Extracted records >>
=== Section Start ===
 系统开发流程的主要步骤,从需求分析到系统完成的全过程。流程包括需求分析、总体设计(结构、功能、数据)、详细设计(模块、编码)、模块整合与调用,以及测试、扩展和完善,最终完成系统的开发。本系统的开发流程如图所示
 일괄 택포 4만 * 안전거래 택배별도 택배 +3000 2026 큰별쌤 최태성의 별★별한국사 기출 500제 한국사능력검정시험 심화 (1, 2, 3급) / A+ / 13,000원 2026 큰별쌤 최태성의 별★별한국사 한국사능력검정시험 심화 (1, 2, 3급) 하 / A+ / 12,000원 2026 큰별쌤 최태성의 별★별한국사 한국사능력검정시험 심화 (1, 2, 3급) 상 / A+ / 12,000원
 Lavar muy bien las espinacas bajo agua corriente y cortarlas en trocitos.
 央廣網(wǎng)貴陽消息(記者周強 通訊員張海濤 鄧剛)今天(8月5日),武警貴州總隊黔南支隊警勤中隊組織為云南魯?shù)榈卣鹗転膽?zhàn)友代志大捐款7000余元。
=== Section End ===
=== Section Start ===
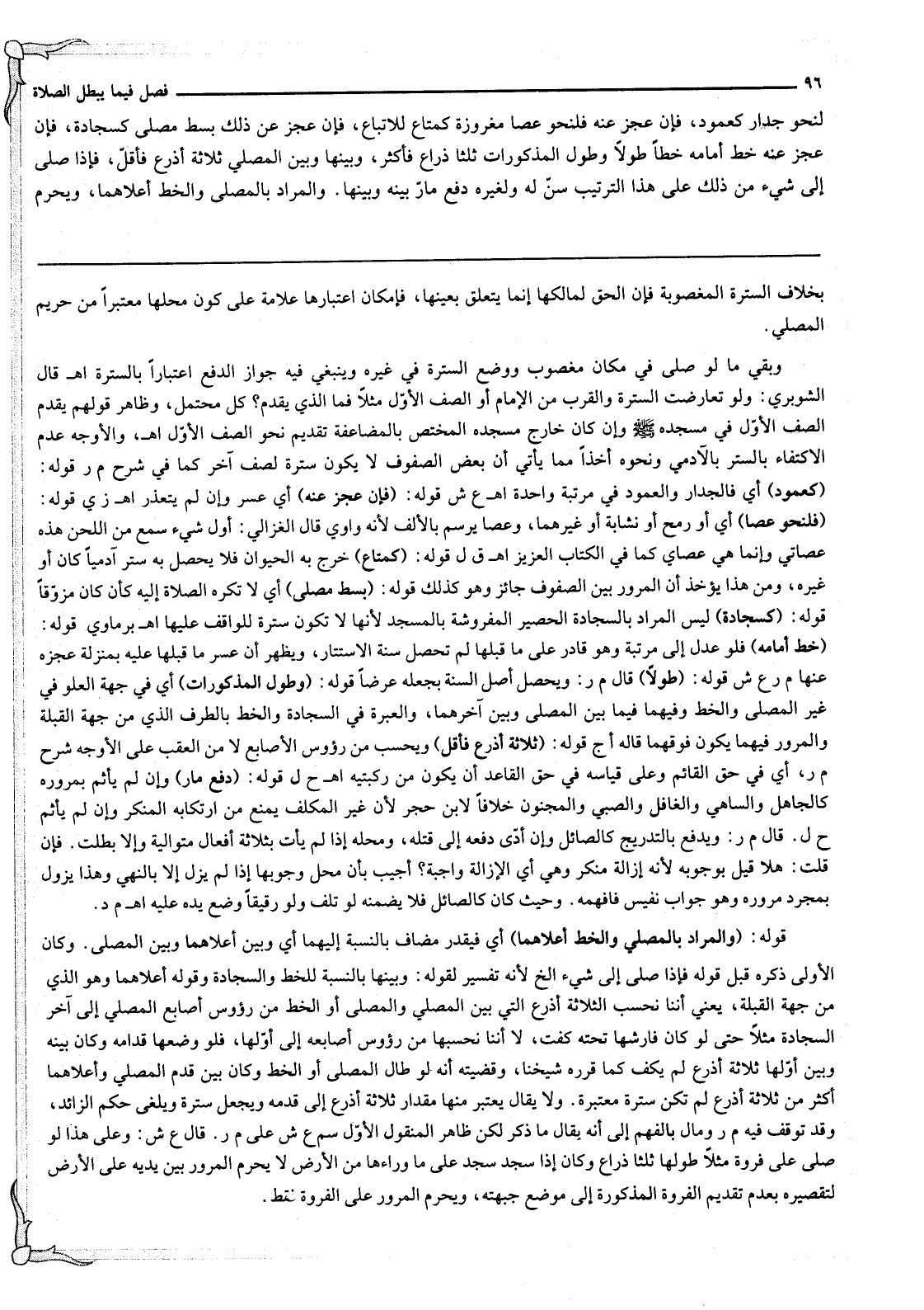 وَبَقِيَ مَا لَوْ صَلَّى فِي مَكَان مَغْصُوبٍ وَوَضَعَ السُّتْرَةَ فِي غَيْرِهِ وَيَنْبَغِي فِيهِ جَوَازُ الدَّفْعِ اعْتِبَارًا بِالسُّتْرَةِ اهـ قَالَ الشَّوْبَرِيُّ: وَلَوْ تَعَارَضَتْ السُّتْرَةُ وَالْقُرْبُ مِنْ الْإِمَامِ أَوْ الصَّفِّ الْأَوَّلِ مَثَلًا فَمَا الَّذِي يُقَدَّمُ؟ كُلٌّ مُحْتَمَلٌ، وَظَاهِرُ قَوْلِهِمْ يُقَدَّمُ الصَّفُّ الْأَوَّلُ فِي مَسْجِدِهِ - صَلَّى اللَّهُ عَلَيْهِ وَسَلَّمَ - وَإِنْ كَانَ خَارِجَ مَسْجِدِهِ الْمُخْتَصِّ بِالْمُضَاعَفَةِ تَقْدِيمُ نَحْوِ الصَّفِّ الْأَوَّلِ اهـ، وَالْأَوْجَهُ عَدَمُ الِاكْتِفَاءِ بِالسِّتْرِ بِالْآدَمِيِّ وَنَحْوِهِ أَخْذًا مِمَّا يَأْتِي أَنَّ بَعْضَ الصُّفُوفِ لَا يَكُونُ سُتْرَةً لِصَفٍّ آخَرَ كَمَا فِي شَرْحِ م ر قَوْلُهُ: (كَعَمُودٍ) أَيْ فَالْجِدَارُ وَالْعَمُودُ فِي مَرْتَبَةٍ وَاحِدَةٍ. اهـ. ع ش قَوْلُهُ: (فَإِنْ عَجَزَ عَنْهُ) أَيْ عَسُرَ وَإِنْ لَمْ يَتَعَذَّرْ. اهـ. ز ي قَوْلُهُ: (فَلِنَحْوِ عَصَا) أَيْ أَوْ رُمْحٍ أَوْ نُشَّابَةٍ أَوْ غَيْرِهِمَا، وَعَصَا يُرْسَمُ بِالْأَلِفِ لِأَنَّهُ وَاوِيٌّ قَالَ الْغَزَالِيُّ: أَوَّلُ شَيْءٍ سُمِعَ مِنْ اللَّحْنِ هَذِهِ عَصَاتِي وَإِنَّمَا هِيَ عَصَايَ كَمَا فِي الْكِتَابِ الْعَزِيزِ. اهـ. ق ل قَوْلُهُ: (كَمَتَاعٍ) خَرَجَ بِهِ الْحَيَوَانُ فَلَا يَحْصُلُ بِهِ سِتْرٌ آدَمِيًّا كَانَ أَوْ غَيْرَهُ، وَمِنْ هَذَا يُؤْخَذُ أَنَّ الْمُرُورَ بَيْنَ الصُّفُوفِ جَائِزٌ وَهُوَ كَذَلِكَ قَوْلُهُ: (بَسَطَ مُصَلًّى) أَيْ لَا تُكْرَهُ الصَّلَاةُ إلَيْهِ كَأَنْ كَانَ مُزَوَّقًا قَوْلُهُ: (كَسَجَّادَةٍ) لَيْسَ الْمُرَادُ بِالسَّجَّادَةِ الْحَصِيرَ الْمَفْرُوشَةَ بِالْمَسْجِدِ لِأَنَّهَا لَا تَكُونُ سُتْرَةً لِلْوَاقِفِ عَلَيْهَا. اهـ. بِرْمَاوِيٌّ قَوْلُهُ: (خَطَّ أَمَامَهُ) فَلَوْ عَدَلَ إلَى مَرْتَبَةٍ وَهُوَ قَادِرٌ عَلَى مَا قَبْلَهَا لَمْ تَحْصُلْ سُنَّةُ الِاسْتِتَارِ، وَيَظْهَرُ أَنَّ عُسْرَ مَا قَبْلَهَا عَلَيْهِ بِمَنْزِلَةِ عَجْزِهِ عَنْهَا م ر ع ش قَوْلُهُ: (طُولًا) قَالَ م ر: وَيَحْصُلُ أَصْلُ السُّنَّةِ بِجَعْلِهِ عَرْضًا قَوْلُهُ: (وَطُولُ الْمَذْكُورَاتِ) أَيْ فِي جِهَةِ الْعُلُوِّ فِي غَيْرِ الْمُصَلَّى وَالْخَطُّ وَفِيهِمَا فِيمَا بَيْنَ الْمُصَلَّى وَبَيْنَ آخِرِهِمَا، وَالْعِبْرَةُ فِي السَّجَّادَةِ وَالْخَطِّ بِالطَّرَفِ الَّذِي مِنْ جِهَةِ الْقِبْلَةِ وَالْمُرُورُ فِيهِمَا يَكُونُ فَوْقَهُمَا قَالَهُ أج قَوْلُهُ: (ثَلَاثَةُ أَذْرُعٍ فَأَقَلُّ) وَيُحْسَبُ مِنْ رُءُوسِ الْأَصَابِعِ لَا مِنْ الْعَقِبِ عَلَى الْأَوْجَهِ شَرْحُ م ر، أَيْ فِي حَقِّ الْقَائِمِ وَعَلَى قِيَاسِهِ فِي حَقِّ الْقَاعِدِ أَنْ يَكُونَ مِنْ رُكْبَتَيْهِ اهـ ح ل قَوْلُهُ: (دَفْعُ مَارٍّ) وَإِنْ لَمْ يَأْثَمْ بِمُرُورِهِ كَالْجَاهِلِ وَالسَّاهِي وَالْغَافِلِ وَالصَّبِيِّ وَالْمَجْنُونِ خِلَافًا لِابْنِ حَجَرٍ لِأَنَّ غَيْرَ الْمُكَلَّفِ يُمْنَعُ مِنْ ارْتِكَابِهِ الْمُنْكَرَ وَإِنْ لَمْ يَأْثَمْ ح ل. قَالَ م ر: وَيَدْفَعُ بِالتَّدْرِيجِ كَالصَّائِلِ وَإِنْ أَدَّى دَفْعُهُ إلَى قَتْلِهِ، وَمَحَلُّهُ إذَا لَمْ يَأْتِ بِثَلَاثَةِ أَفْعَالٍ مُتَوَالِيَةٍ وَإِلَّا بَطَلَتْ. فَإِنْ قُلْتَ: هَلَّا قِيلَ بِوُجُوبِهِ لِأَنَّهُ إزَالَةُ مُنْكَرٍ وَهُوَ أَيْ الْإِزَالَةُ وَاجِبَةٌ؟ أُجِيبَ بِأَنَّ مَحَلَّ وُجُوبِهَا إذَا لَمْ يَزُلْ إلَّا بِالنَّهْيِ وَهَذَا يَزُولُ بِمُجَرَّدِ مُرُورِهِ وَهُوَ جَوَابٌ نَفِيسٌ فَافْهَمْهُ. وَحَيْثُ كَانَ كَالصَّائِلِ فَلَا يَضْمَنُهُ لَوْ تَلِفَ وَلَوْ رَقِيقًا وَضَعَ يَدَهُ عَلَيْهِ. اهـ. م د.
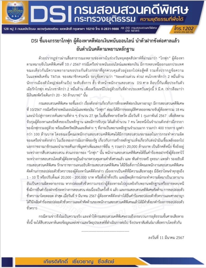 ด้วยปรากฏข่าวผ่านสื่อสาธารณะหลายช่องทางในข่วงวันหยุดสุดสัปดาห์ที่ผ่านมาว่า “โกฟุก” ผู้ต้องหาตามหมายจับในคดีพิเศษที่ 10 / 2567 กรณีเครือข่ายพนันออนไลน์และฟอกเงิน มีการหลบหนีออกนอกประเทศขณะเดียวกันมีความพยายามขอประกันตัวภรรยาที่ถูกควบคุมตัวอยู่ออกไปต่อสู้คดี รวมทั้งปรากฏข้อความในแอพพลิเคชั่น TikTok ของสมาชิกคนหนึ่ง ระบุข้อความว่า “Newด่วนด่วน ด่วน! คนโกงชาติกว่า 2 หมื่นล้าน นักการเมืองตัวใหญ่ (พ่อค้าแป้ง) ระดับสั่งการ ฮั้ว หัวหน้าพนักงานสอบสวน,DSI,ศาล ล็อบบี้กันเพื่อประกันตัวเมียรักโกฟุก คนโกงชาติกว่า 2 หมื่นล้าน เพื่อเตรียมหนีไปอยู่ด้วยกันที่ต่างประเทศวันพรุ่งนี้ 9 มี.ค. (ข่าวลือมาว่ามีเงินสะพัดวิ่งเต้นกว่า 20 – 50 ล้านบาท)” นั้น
=== Section End ===
=== Section Start ===
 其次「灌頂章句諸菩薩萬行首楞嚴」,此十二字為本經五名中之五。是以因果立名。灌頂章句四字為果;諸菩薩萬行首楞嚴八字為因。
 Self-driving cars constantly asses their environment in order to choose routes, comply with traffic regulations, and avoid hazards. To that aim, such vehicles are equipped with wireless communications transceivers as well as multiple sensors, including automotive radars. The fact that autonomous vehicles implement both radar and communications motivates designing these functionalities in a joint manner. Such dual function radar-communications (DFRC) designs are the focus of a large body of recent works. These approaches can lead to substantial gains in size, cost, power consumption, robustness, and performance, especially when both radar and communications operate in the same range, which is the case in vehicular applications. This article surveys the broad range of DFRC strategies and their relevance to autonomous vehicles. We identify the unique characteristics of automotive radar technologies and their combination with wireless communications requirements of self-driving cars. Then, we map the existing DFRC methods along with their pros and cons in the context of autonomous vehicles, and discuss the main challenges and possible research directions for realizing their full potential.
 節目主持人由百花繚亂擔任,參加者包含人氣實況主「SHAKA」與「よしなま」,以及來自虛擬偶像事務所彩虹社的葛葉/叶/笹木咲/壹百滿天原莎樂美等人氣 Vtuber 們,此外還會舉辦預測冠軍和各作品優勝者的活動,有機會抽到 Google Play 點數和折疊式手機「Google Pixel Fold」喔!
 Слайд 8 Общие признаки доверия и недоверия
=== Section End ===
Task details >> After locating the line with "點數和折疊式手機「Google Pixel Fold」喔!" in the material above, return it and each line after it exactly, ending at the line with "Слайд 8 Общие признаки доверия и недоверия".

Finished task >>
 節目主持人由百花繚亂擔任,參加者包含人氣實況主「SHAKA」與「よしなま」,以及來自虛擬偶像事務所彩虹社的葛葉/叶/笹木咲/壹百滿天原莎樂美等人氣 Vtuber 們,此外還會舉辦預測冠軍和各作品優勝者的活動,有機會抽到 Google Play 點數和折疊式手機「Google Pixel Fold」喔!
 Слайд 8 Общие признаки доверия и недоверия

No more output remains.